With youth soccer players, movement off the ball is the most challenging skill to teach. They don’t know where to go, what to do once they get there, and why to continue making runs if there’s no immediate reward. Instead of attacking a dangerous space where they COULD be, many will instinctively settle for the structured space where they ARE.
Most coaches know some form of the 4 Coactives of player preparation and development, breaking down an athlete’s abilities in four intersecting elements:
- Physical
- Technical
- Tactical
- Psychological/Mindset
The physical and the technical? We love to target those on the training ground.
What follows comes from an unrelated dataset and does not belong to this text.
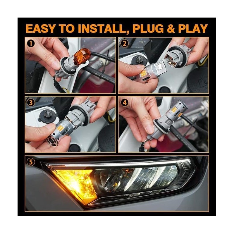 This option is for the Turn Signal T20 only. Sales Unit: 2 pieces Chip Type: 24 high-brightness CSP 1919 SMD LEDs, 6 on each of the 4 sides Base Specifications: T20 7440 single core / 1156 single core Color: OEM Amber Warranty Period: 12 months
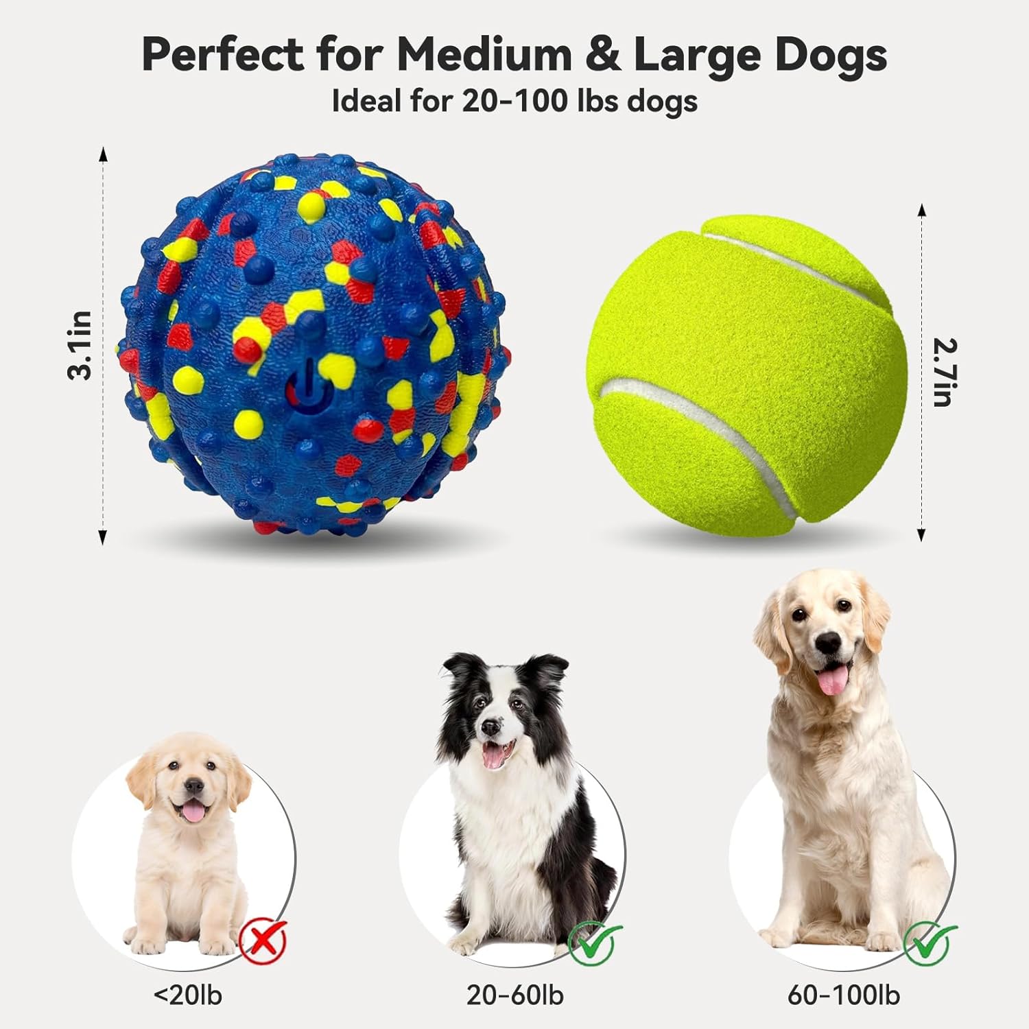 Ideal for Medium-Large Dogs: Smart interactive dog toys for large dogs is designed with a diameter of 3.1 inches and is perfectly sized for medium and large dogs. Supervise play and guide proper interaction to prevent chewing, while strengthening the bond between you and your dog.

Sprinting, change of direction, dribbling skills, passing patterns—even if those cone dribbling drills and partner volleys aren’t transferring to the pitch, at least the drills look like they could.
Movement off the ball? That’s mostly rooted in the tactical and the mindset side of the sport—it requires understanding how to manipulate open space and the distance between objects, it requires being “a willing runner” (being unselfish enough to put in high effort sprints that offer no direct or immediate personal benefit), and it requires the will to disrupt an opponent’s organized structure.
Use Your Movement to Disorganize the Defense
In an ongoing effort to teach better tactical understanding, during water breaks in our training sessions I’ve been breaking down pro game clips that exemplify key concepts and patterns of the sport. Sometimes the players have to see examples to understand what you are talking about.
“Pull the Cover” is a simple enough directive. On the defensive side of the ball, players are taught pressure-cover-balance and “get compact/stay compact” as key principles…and “pulling the cover” is one strategy to unlock the defense, forcing the cover player to make a decision: stay in their cover position or track a run that appears to be even more dangerous.
5 Lessons from the clip:
- Disorganize the defense with your movement
- Be a ‘Willing Runner’
- The player in the most athletic posture will win most duels
- Split a soft double team with the dribble
- The Cutback Cross is ruthless

A few key coaching points from the session:
- In the 3v2s, my players initially had an instinct to isolate one defender with a quick give & go…which is a perfectly good way to approach a 2v1. Without creating a constraint or rule, I consistently encouraged them to use their movement to disrupt the defense vs. using 1-touch passing to do the same.
- In the 4v3s…once the defending side knows the skill or tactic you want to emphasize, they will overplay to snuff out that moment (that’s defending!). So, while wanting to create the conditions for the attacking side to make runs that pull the cover player to allow a drive to the endline for the cutback cross…I gave the attacking side the freedom to attack the defense as they saw fit in the moment.
Teaching Game Concepts: Tactical Outcomes
So, now all of my players understand how to be a willing runner and pull the cover defender, right? Well, we ran this session 6 weeks ago and chances are, a sizable percentage of the players will have forgotten it entirely.
You cannot teach a thing once and expect it to stick, whether the Pythagorean Theorem, the three branches of US government, or onomatopoeia in poetry. Same with concepts in soccer, learning occurs with exposure, repetition, and reward (if it works, they’ll keep doing it!).
That means bringing this same session back again soon, maybe even re-watching the entire clip as a refresher.